Winkler Prins

Anthony Winkler Prins (1870)

Gepubliceerd op 14-11-2017

Agaricus

betekenis & definitie

Agaricus of paddestoel is een algemeen over den aardbodem verspreid geslacht der vleezige zwammen en telt in Midden-Europa wel 500 soorten. De meesten dragen op een vleezigen steel een zoogenaamden hoed, aan wiens benedenzijde een groot aantal loodregte lamellen of plaatjes zoo bevestigd zijn, dat zij straalsgewijs van den steel naar den omtrek loopen. Deze lamellen zijn bedekt met eene laag van celachtig weefsel (hymenium), waarin de sporen ontstaan, welke de ge-daante hebben van een fijn, gekleurd poeder.

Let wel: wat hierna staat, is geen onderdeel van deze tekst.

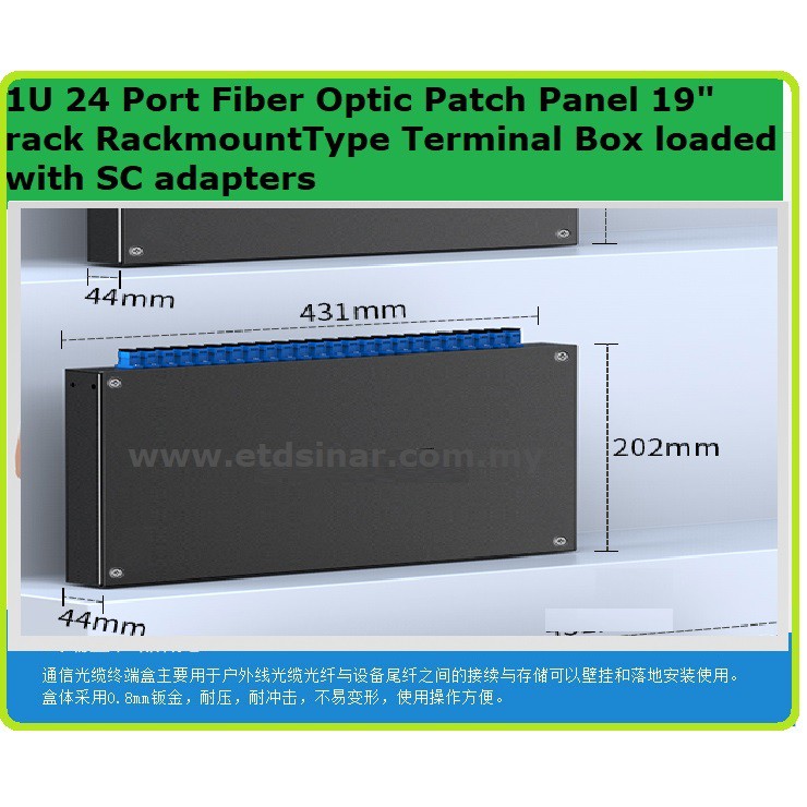 1U 24 Port ODF Fiber Optic Patch Panel SC adaptor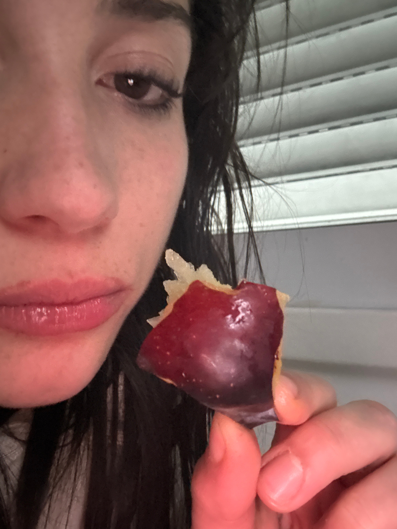 A close-up, slightly angled shot of a person holding a partially eaten fruit in their hand. The person's face is visible, featuring dark hair, an eye, a nose, and lips. The skin tone is light. The fru…read more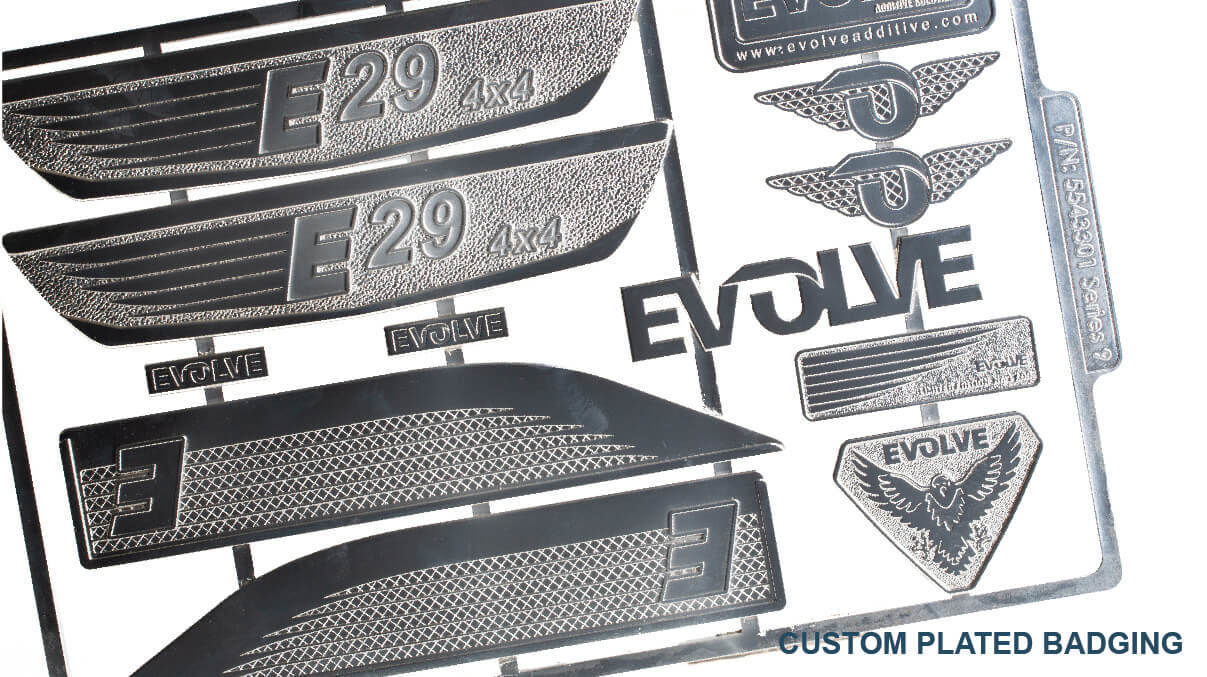 Automakers use badges to identify variations of a given model – like the "Texas Edition" of a line of pickups. To produce the thousands of badges needed each year, the automaker would need to have dozens of 3D printers running 24/7. Evolve now offers just the right mix of volume and flexibility to scale production at optimal cost.

Men heeft de paddestoelen naar de kleur dier sporen verdeeld, en men onderscheidt ze door de paddestoelen op een wit papier te leggen, dat weldra de kleur der uitvallende sporen aanneemt. Zij groeijen gaarne op een humusrijken, vochtigen grond, op blad-aarde en in de schaduw der wouden. Men heeft eetbare en vergiftige paddestoelen. Tot de eersten behoort de champignon (a. campestris), de keizerling (a. caesareus), de eijerzwam (a. cantharellus, alsmede a. deliciosus, a. prunulus, a. mutabilis, a. volemus enz., en tot de laatsten de vliegenzwam (a. muscarius, a. integer, a. phalloides) enz.